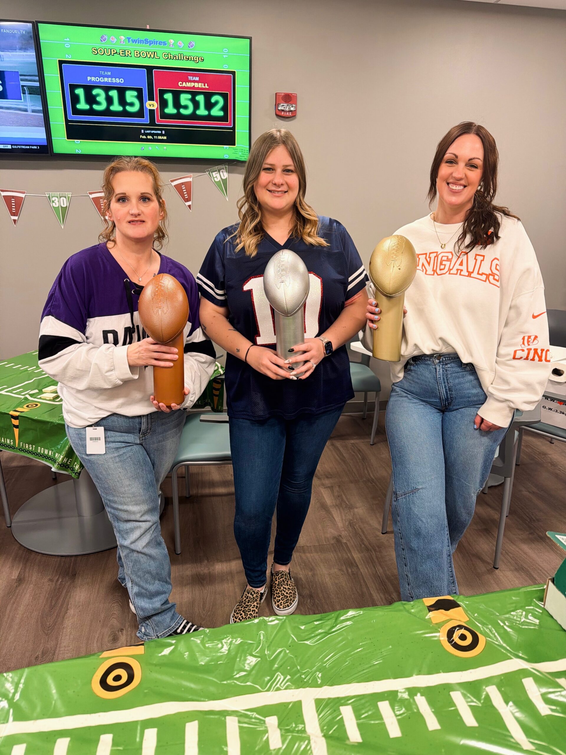 LOUISVILLE, Ky., (February 6, 2025)— TwinSpires concluded its annual “Soup-er Bowl” challenge, raising a total of 2,827 cans of soup for Catholic Charities of Louisville. Team Campbell led the effort with 1,512 cans, while Team Progresso contributed an impressive 1,315 cans, demonstrating the generosity and community spirit of our team members.
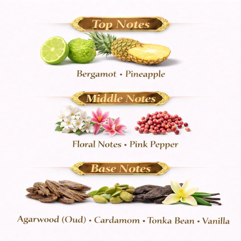 A heavenly blend of delicate florals and sweet spices that soften the traditional intensity of oud
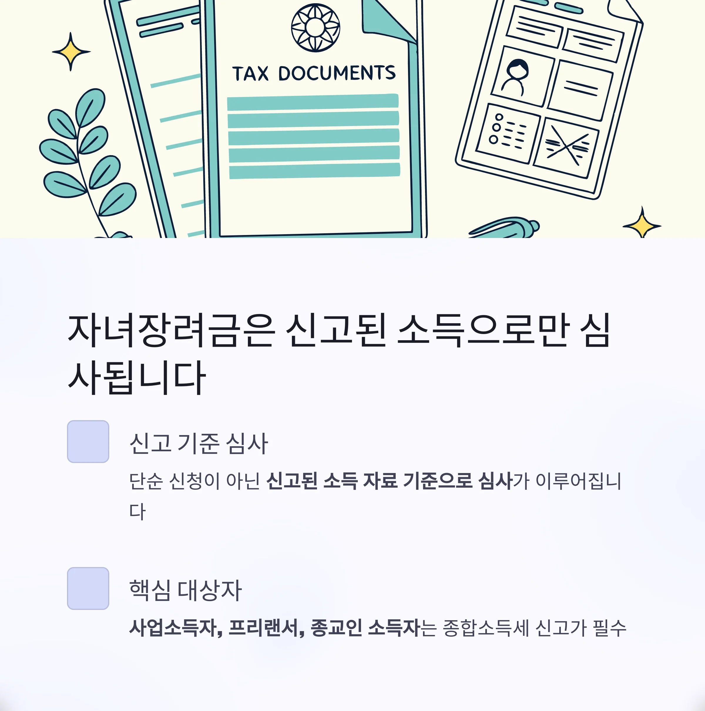 자녀장려금은 단순한 신청만으로 받는 것이 아니라, 신고된 소득 자료를 기준으로 심사가 이뤄지는 제도입니다.
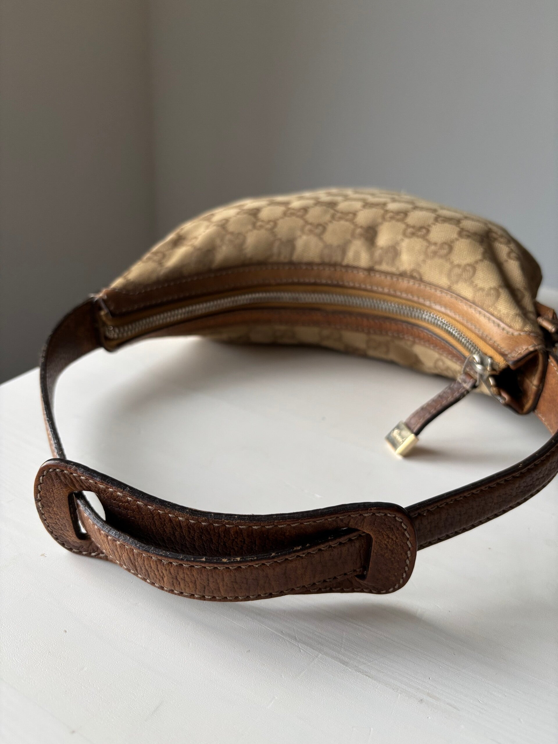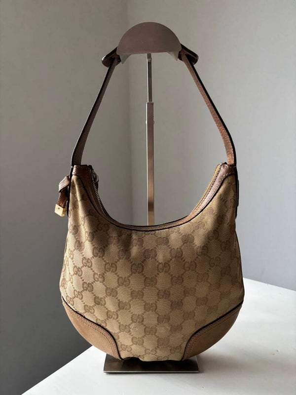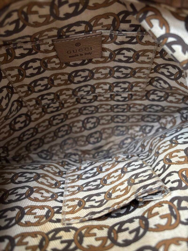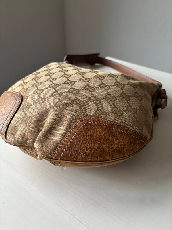 Gucci monogram schoudertas in goede staat. Kan over de schouder worden gedragen. De afmetingen zijn ongeveer 25 x 21 cm exclusief strap. De vier leren gedeeltes aan de onderzijde bevatten verkleuringen. Komt inclusief Veggel Vintage certificaat van authenticiteit en Veggel Vintage dustbag.

Task brief: Give back every line of the material above word for word, leaving out the pictures.

Solved problem:
 LOUISVILLE, Ky., (February 6, 2025)— TwinSpires concluded its annual “Soup-er Bowl” challenge, raising a total of 2,827 cans of soup for Catholic Charities of Louisville. Team Campbell led the effort with 1,512 cans, while Team Progresso contributed an impressive 1,315 cans, demonstrating the generosity and community spirit of our team members.
 A heavenly blend of delicate florals and sweet spices that soften the traditional intensity of oud
 자녀장려금은 단순한 신청만으로 받는 것이 아니라, 신고된 소득 자료를 기준으로 심사가 이뤄지는 제도입니다.
 Gucci monogram schoudertas in goede staat. Kan over de schouder worden gedragen. De afmetingen zijn ongeveer 25 x 21 cm exclusief strap. De vier leren gedeeltes aan de onderzijde bevatten verkleuringen. Komt inclusief Veggel Vintage certificaat van authenticiteit en Veggel Vintage dustbag.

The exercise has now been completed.